Content starts

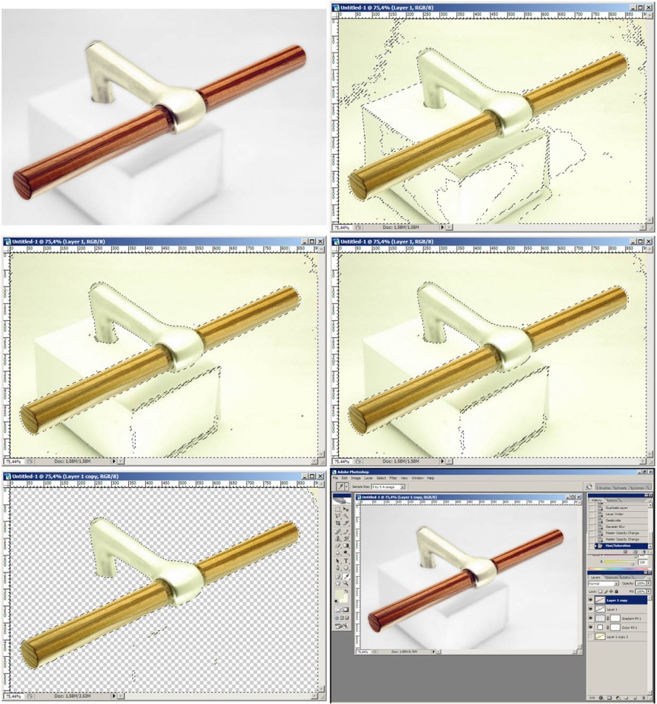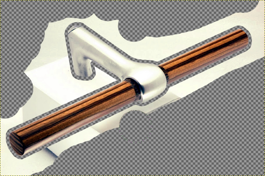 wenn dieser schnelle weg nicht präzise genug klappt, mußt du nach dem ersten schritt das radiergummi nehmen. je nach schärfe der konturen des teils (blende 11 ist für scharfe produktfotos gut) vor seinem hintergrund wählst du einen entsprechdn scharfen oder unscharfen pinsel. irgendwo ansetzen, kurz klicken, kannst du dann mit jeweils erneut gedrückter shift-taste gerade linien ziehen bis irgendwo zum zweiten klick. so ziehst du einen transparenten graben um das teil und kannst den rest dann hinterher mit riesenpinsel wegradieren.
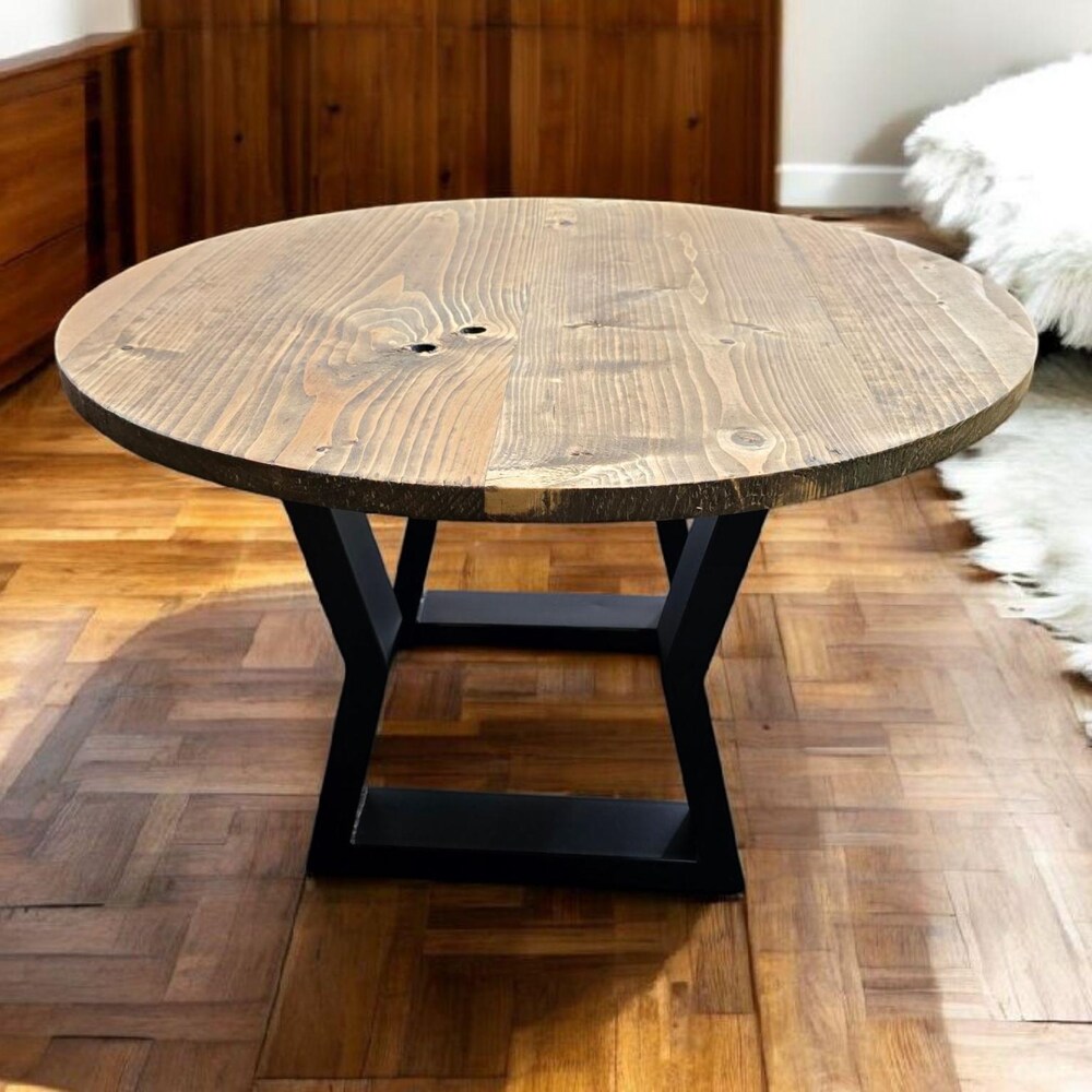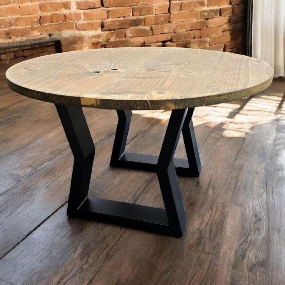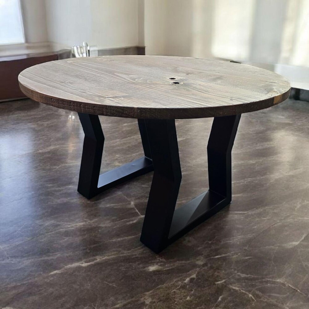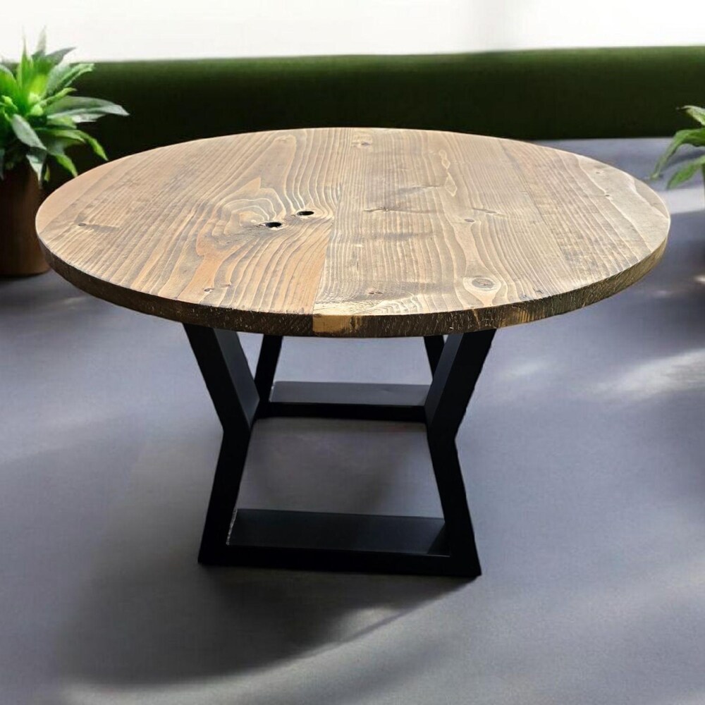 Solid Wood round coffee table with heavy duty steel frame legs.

Content ends
Content starts

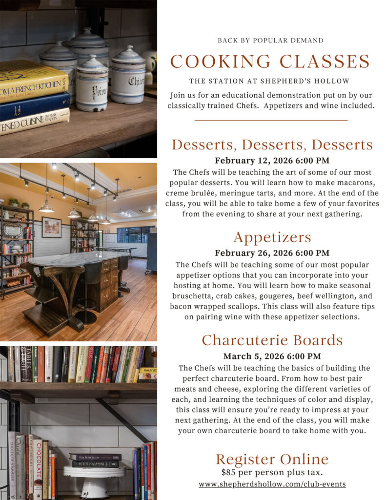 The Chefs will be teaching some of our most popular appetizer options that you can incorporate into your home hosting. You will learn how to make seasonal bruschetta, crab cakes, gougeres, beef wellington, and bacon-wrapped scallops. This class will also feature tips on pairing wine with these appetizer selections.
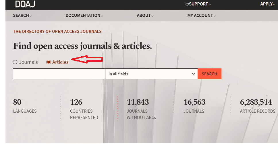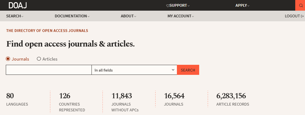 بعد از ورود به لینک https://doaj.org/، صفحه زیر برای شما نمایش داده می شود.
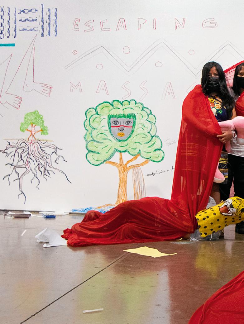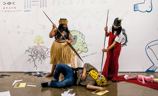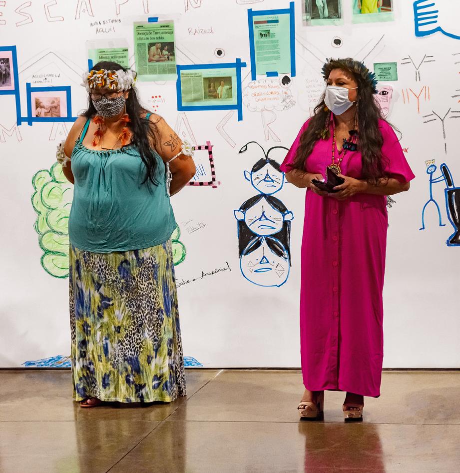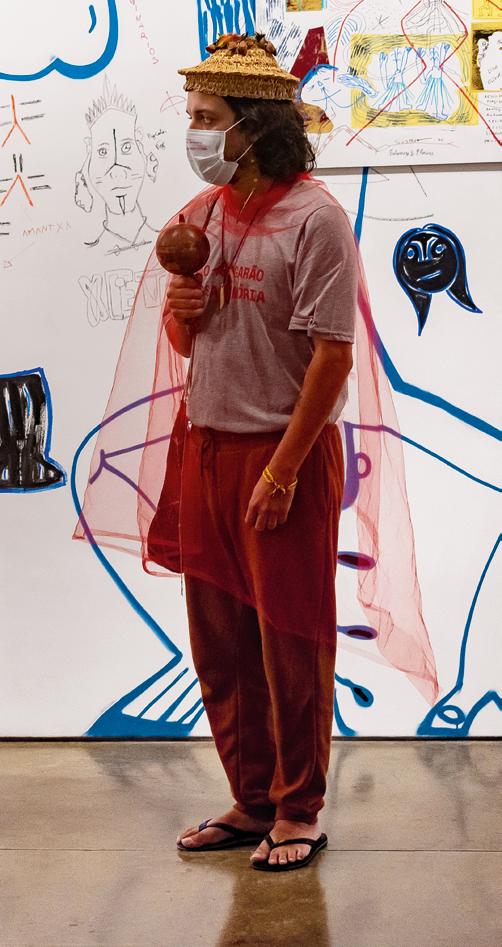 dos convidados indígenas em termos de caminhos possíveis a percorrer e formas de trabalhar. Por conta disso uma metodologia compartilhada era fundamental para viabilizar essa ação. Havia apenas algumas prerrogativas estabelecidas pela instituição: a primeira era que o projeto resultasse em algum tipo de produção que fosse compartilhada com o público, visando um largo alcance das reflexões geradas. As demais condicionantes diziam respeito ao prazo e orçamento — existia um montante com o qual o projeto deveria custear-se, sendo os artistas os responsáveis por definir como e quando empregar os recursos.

Content ends
Content starts

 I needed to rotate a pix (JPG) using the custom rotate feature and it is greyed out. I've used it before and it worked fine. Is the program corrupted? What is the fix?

Content ends

Instructions for the task: An exact copy is needed of the stretch above that opens with the line containing "بعد از ورود" and closes with the line containing "dos convidados indígenas"; the pictures are not part of it.

Response to the exercise:
 بعد از ورود به لینک https://doaj.org/، صفحه زیر برای شما نمایش داده می شود.
 dos convidados indígenas em termos de caminhos possíveis a percorrer e formas de trabalhar. Por conta disso uma metodologia compartilhada era fundamental para viabilizar essa ação. Havia apenas algumas prerrogativas estabelecidas pela instituição: a primeira era que o projeto resultasse em algum tipo de produção que fosse compartilhada com o público, visando um largo alcance das reflexões geradas. As demais condicionantes diziam respeito ao prazo e orçamento — existia um montante com o qual o projeto deveria custear-se, sendo os artistas os responsáveis por definir como e quando empregar os recursos.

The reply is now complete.